Working with a few pieces at a time,
lightly coat chicken with flour; shake to
reomve excess. Next add to egg
mixture; turn to cover all sides.
Finally coat with breadcrumbs. Gently
press breadcrumbs into chicken. Place
chicken strips on the cookie sheet until
complete. Bake chickn in oven
about 12 to 15 minutes or until lightly browned. Turn chicken strips over and
continue to bake another 10 to 12 minutes
or until cooked through. Serve with your
choice of sauce, such as ketchup or BBQ
sauce.
Serving Size:
6 ounces cooked
Counts As:
1 Protein
1 Starches
Oven Roasted Asparagus Spears
Break off the ends of the asparagus, coat with olive oil and Morton's light salt. Bake in the oven at 450 for 8-10 minutes (depending on the size of the asparagus, I like mine to stay a bit crunchy).
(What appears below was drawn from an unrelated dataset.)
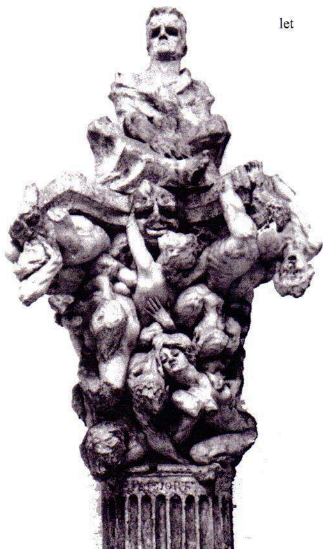
Frigjort (1900-1901), gips, h.592, b.219, d. 180 cm.

Hvilke ord synes du passer til billede nr. 1 Og hvilke til billede nr. 2

Steamed broccoli and cauliflower with 1 oz LF cheese, 8 oz of water
Evening Snack- 1 small sugar free frozen yogurt, the tart flavor at Millhollow, 16 oz water
Saturday-
B-Apple Pancake
Ingredients:
1/2 or 3/4 cup of egg substitute, size
according to plan
3 slices Melba toast, crushed
1 small apple, peeled and grated
1/2 tsp cinnamon
1 packet Splenda®
Preparation Instructions:
Combine all ingredients in a small bowl.
Coat skillet with nonfat cooking spray.
Pour mixture into skillet. Heat until
lightly brown; flip over and brown on other
side. Serve.
Makes 1 serving
Serving Size:
1 pancake
Counts As:
1 Fruit
1 Protein
1 Starch
4 oz Light yogurt, coffee, 8 oz of water
AM Snack- 16 oz of water, 12 small strawberries
Lunch- Chicken and green chili salad with cheese at Bajios (No tortilla) or California Cobb at McDonalds, 8 oz water
PM Snack- 16 oz water, ½ banana
Dinner-
Chicken Sun-Dried Tomato Pesto. 4 servings, PFVV
4 skinless, boneless chicken breast halves, 6 to 8 oz. each according to plan
freshly ground pepper & Lite Salt
2 tsp olive oil
1 can diced tomatoes w/ green peppers and onions (YES IT SAYS CANNED)
1/4 cup sun-dried tomato pesto
1 can artichoke hearts in water, drained & quartered
Season both sides of chicken w/ MLS & pepper. Heat oil in a large skillet over med-high heat. Place chicken in skillet, cook, turning once to brown each side. Remove chicken from pan, and set aside. Pour tomatoes into pan, cook for 1 minute, stirring constantly. Stir in pesto & artichokes, & return chicken to pan. Cover and reduce heat to medium. Simmer for 10 minutes or until chicken is done.
2/3 cup cooked pasta, grilled zuchinni seasoned with butter spray, garlic powder, mortons and pepper, 8 oz water
PM Snack- SF snow cone or popsicle, 16 oz
Water
Sunday
B- B- 1 egg, 1 wedge of Laughing Cow lite cheese, ½ pita, toasted, ½ banana, coffee, 8 oz of water
AM Snack- 16 oz water, 15 grapes
Lunch- I know you guys usually eat out after church. Get a big chicken salad, or fish or steak with a salad, baked potato (cut in half) and steamed veggies, 8 oz of water. Basically it should be 1 protein, 1 starch, 2 veggies. Order water to drink, and after your food comes order coffee for dessert.
PM Snack- 1 apple, 16 oz water
Dinner- Fajitas with 8 oz of chicken breast or 6 oz of steak, onions, mushrooms, and peppers. Season with Mrs. Dash Southwest seasonings instead of a fajita mix. Use a low carb tortilla or a half of a pita, 1 oz of lf cheese, ff sour cream, and salsa, 8 oz water
Evening Snack- 16 oz water, SF jello cup with ff cool whip.